Феррис опустил голову и закрыл глаза. Веки у него были красные и распухшие.
— Что у вас с лицом? — спросила Сиена.
— Простите?
— С кожей. Похоже, вы чем-то заразились? Вы больны?
Феррис как будто даже опешил, и хотя вопрос Сиены был бестактен почти до грубости, Лэнгдон и сам хотел бы его задать. Учитывая, сколько раз за этот день упоминалась чума, вид этой воспаленной, в пузыриках кожи вызывал неприятные мысли.
— Я здоров, — сказал Феррис. — Все из-за проклятого гостиничного мыла. У меня жуткая аллергия на сою, а эти душистые итальянские мыла варят из соевого масла. Дурак, что не поинтересовался.
Сиена с облегчением выдохнула и слегка опустила плечи.
— Слава Богу, что вы его не ели. Контактный дерматит пострашней анафилактического шока.
Все трое смущенно засмеялись.
— Скажите, — продолжала Сиена, — имя Бертран Зобрист вам что-нибудь говорит?
Феррис замер, как будто встретился лицом к лицу с трехглавым Дьяволом.
— Мы думаем, что нашли сейчас его послание, — сказала Сиена. — Оно, похоже, указывает на какое-то место в Венеции.
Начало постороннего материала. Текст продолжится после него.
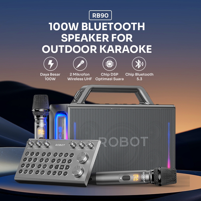 ROBOT Karaoke Speaker RB90 100W Powerfull Bass DSP Bluetooth 5.3 Dual Wireless Mic RGB Lamp Outdoor Original - Garansi 1
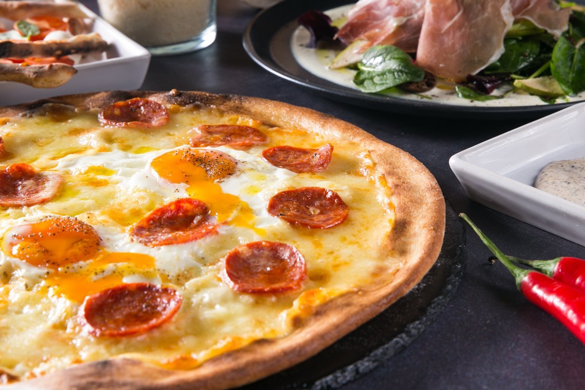 Με πεπερόνι, μοτσαρέλα, σάλτσα ντομάτας, ταλέτζιο και θυμάρι
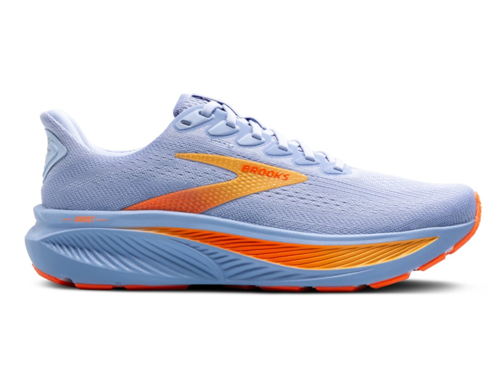 Silniční tréninková bota BROOKS Ghost 17. Ghost si vydobil svou pozici jedné z nejoblíbenějších bot na světě díky skvělému fitu svršku a dokonale vyváženému tlumení.
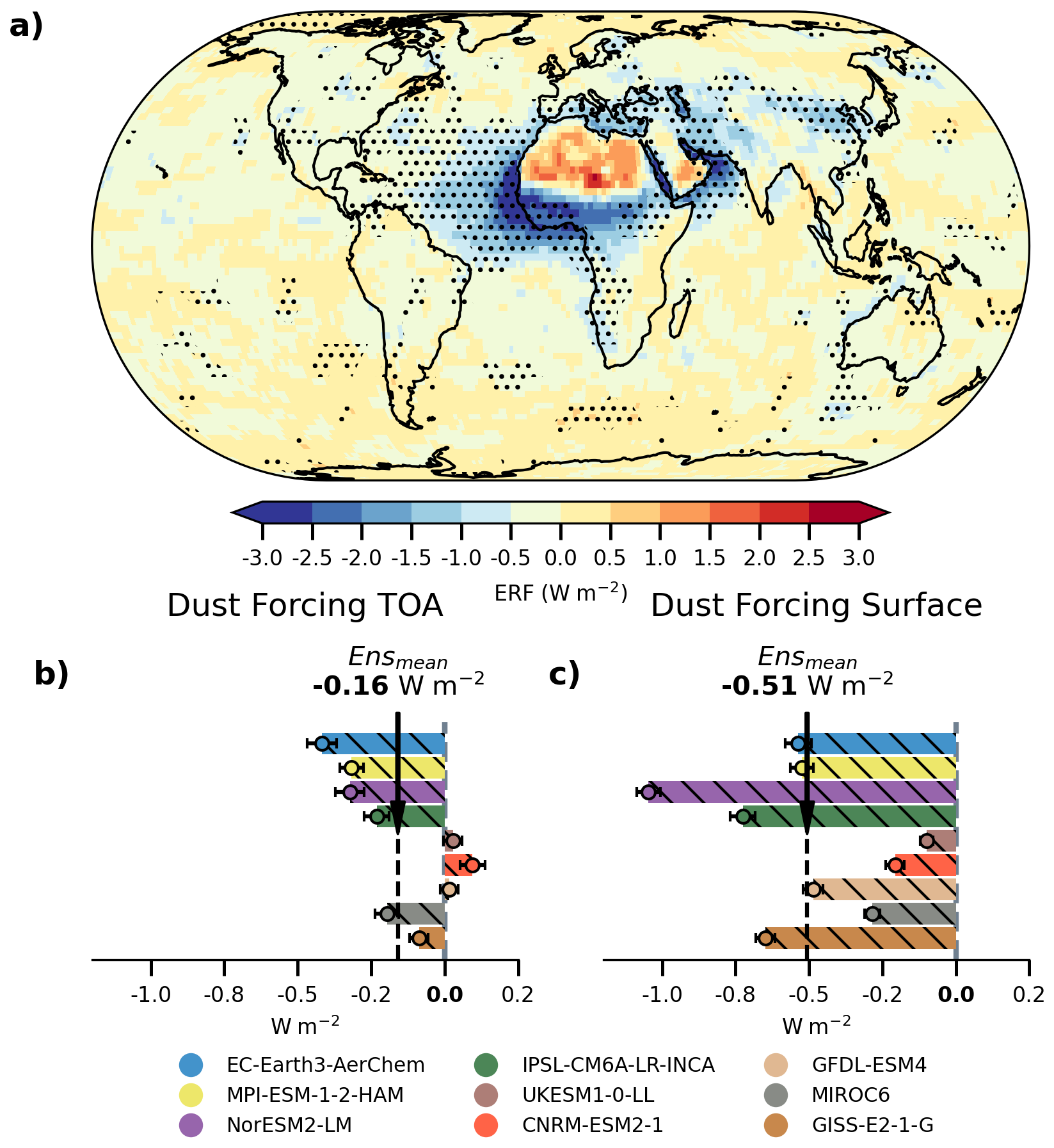 Figure 1(a) Multi model mean DuERF from piClim-2xdust vs piClim-control. The stippling indicates where on the map at least 7 of the 9 models agree on the sign of the forcing. (b) Global mean DuERF for each model. (c) Global mean forcing at the surface. The error bar shows the standard error of the mean for each model.
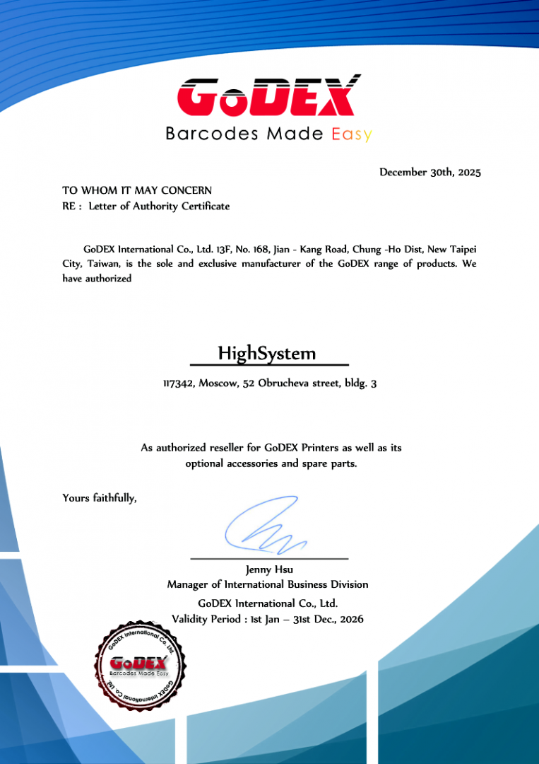 GoDEX International Co.,Ltd (GoDEX) — опытный игрок в индустрии штрих-кодирования и маркировки. Первый принтер этикеток компании был выпущен в 1993 году, и с тех пор бренд известен в качестве одного из передовых производителей в мире. GoDEX позиционирует себя как разработчик и производитель оборудования, способный сконструировать любую модель под нужды конкретного предприятия. Одним из важных преимуществ для потребителя является приемлемая цена и наличие технических характеристик, на уровне или превосходящих более дорогие аналоги.
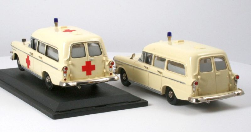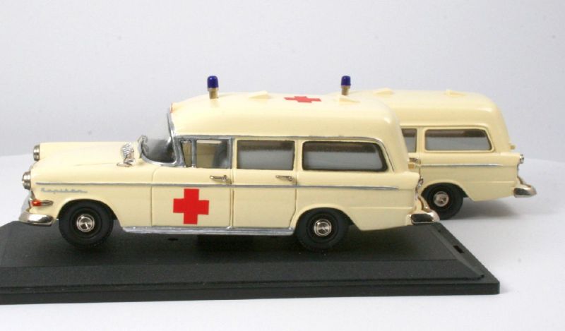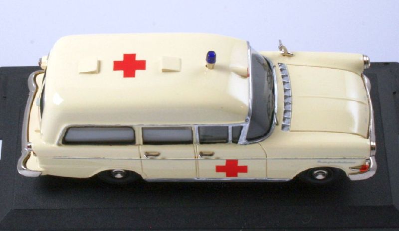 Habe mal ein wenig "nachgeforscht", im Opel Jahrbuch 2005, auf Seite 51. ist ein Opel Kapitän A Krankenwagen abgebildet, bei diesen gibts die roten Kreuze, nur vorn und hinten auf dem kleinen runden "Beleuchtungssignal" am Dach.

Как по-вашему, может такое быть?
Глаза у Ферриса расширились.
— Черт возьми, да! Конечно! Куда оно указывает?
Сиена вздохнула, явно намереваясь рассказать о спиральном стихотворении, которое они обнаружили в маске, но Лэнгдон машинально остановил ее, положив ладонь ей на руку. Этот человек определенно казался союзником, но после сегодняшних событий инстинкт подсказывал Лэнгдону, что доверять нельзя никому. Кроме того, галстук Ферриса показался ему знакомым — не этого ли человека он видел молящимся в маленькой церкви Санта-Маргерита-де-Черки, где Данте сочетался браком? Он следил за нами?
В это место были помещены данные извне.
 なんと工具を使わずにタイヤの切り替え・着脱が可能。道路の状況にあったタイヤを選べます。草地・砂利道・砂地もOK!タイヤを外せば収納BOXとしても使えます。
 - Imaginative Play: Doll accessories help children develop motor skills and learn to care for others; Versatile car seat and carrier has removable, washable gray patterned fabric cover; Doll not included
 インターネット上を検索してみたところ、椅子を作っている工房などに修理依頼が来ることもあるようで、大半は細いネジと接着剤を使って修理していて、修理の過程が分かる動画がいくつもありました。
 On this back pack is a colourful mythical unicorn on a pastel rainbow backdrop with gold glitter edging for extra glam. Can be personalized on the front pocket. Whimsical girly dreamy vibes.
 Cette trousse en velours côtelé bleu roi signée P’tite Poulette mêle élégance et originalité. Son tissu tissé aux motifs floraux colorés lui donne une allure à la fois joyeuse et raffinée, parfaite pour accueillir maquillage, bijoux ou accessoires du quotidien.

— Как вы нас здесь нашли? — резко спросил Лэнгдон.
Феррис опять удивился тому, что Лэнгдон ничего не помнит.
— Роберт, вчера вечером вы позвонили мне и сказали, что у вас назначена встреча с директором музея Иньяцио Бузони. И пропали. Больше не появились. Я услышал, что Бузони найден мертвым, и забеспокоился. Я тут все утро вас искал. Увидел, что у палаццо Веккьо собралась полиция, и, пока выяснял причину, случайно увидел, как вы украдкой выходите из маленькой двери вместе с… — Он взглянул на Сиену, видимо, забыв имя.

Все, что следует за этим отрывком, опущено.